Relationship between the uptake of 3H-(±) metaraminol and the density of adrenergic innervation in isolated rat tissues

Abstract

The uptake of ³H-(±)metaraminol (MA) by tissue slices or pieces was studied in vitro in several peripheral rat organs of varying density of sympathetic innervation (the tissue level of endogenous noradrenaline ranging from 1.7–99.1 nmoles/g). In each individual tissue preparation amine uptake was corrected for entry into the ¹⁴C-d-sorbitol space. When the tissues were incubated with 1.4 μM MA, the rate of total amine uptake (i.e., neuronal plus extraneuronal uptake of MA) remained virtually constant for up to 7 min. Therefore, rates of uptake were determined after 2 min of incubation with substrate concentrations ranging from 0.25–12.2 μM. In all tissues the total uptake of MA was saturable. Under the condition of inhibition of neuronal uptake by the presence of 100 μM cocaine, the uptake of MA (considered as extraneuronal amine uptake) was no longer saturable. When tissues were exposed to 1.4 μM MA, the relative contribution by extraneuronal (measured in the presence of cocaine) to total amine uptake (measured in the absence of cocaine) was inversely correlated with the log endogenous noradrenaline content. After correction of the rates of total MA uptake for the cocaine-resistant distribution of the amine, a saturable component of uptake was obtained for each tissue. This uptake was considered to be neuronal; it was subjected to kinetic analysis. Apparent K _m values for the neuronal uptake of MA were very similar in all tissues and did not show any dependence on the tissue level of endogenous noradrenaline (average K _m=1.2μM). V _max values for the neuronal uptake of MA were linearly correlated with the endogenous noradrenaline content of the tissues (r=0.976; PV _max for the vas deferens being excluded.

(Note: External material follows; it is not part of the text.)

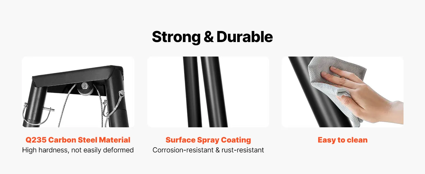 Made from high-strength Q235 carbon steel, this hunting game hoist is highly durable and won't bend or deform under heavy loads. The spray-coated surface resists corrosion and rust, and it's easy to clean after use.

When related to the content of endogenous noradrenaline, the V _max obtained in the vas deferens was lower than that for all other tissues. The results presented here strongly suggest that the membrane site involved in neuronal amine uptake (operationally characterized by the K _m of MA) is likely to be identical in all rat tissues and that the number of uptake sites available per nerve terminal does not vary greatly between tissues.